- [Record excerpts]:
_ _ _ _ _ _ _
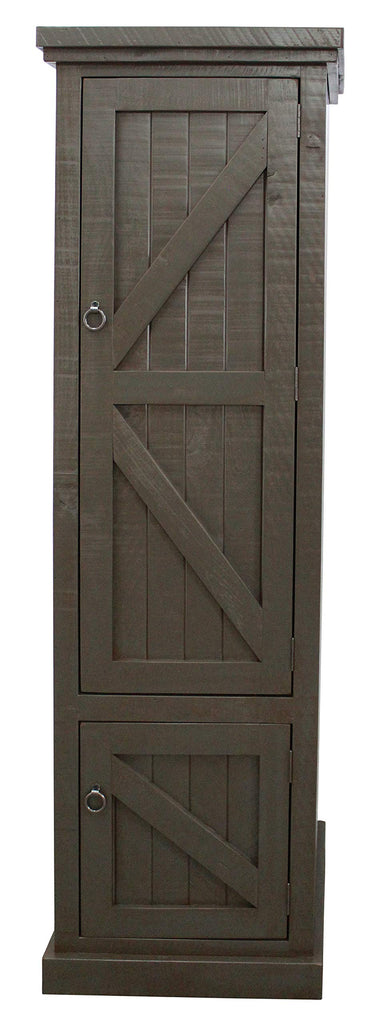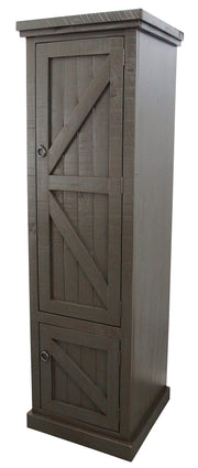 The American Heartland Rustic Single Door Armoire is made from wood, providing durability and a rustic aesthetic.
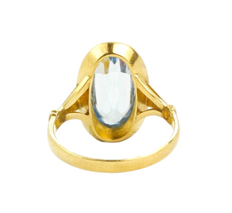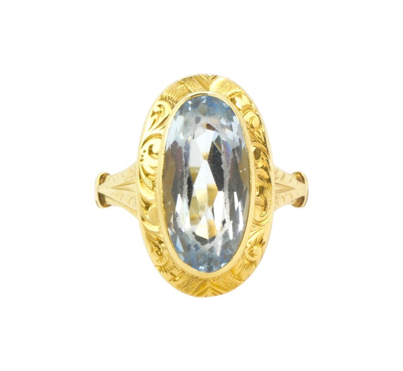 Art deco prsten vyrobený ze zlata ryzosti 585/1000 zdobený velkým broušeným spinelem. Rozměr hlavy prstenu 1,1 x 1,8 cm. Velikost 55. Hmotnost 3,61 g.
_ _ _ _ _ _ _
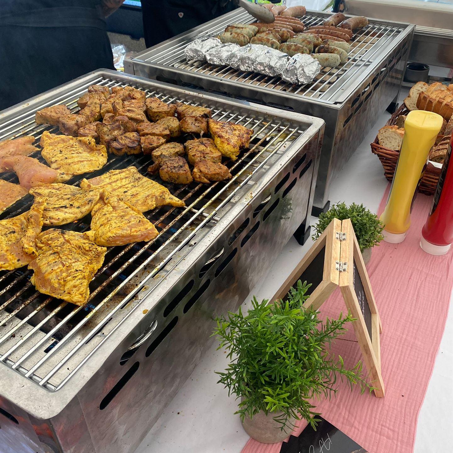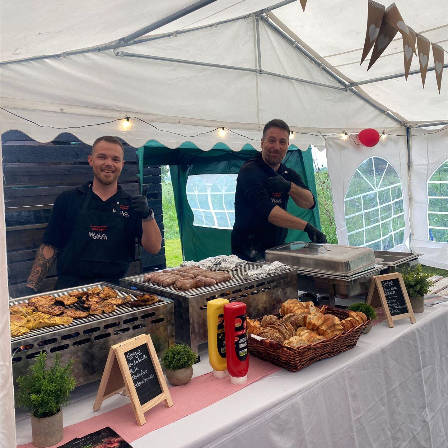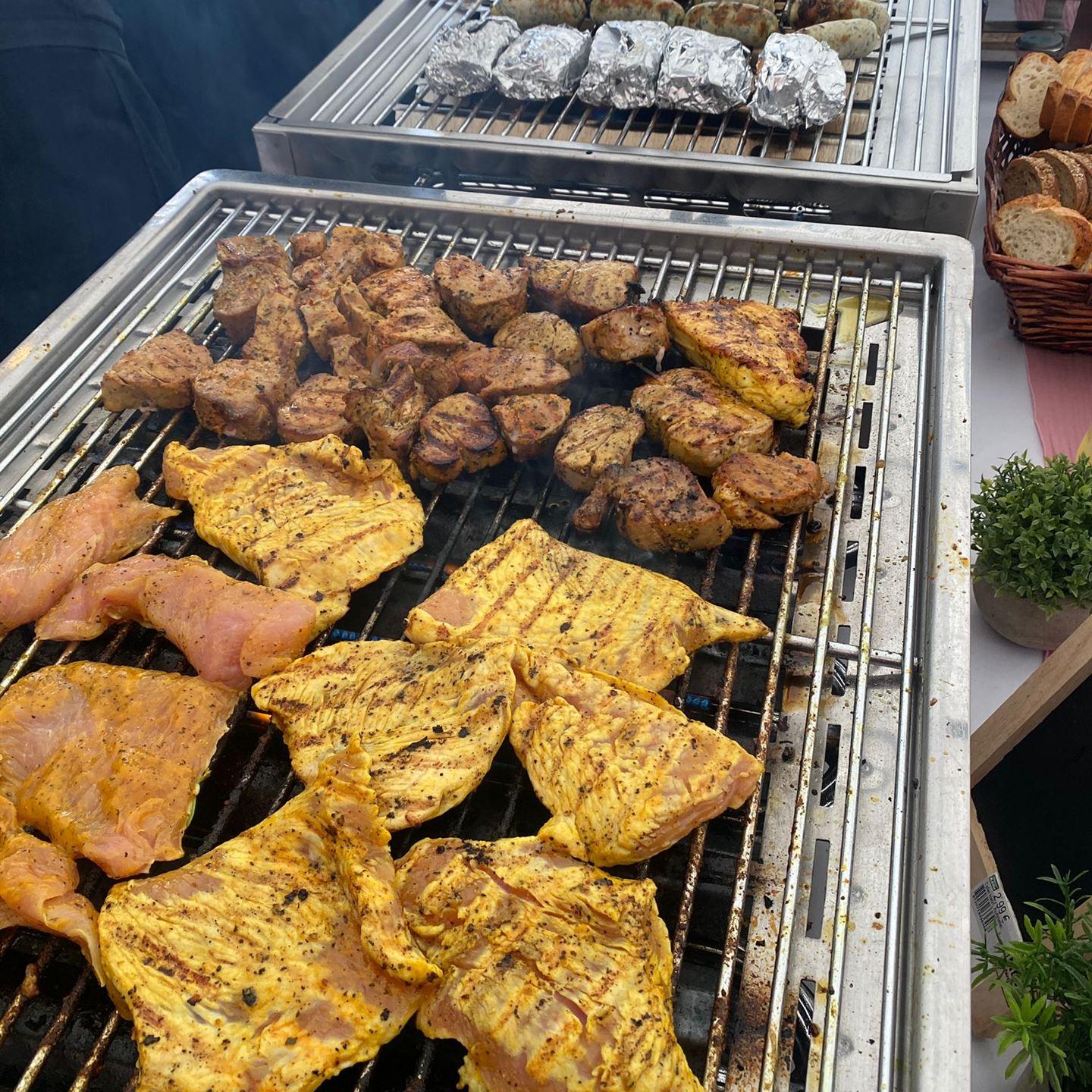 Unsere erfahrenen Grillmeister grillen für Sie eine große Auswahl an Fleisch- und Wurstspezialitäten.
_ _ _ _ _ _ _
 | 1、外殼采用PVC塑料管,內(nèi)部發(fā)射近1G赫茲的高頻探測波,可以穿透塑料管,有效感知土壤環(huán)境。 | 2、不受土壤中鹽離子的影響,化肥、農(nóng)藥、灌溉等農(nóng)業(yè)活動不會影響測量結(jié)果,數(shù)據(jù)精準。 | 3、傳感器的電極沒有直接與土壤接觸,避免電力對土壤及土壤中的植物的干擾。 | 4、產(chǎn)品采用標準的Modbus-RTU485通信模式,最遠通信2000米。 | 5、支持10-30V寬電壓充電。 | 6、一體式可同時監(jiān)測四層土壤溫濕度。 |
_ _ _ _ _ _ _
- [Work to complete]: Skip every picture, and restate word for word only the lines above from the line containing "The American Heartland" to the line containing "Art deco prsten", both of them included.

- [The completed task]:
 The American Heartland Rustic Single Door Armoire is made from wood, providing durability and a rustic aesthetic.
 Art deco prsten vyrobený ze zlata ryzosti 585/1000 zdobený velkým broušeným spinelem. Rozměr hlavy prstenu 1,1 x 1,8 cm. Velikost 55. Hmotnost 3,61 g.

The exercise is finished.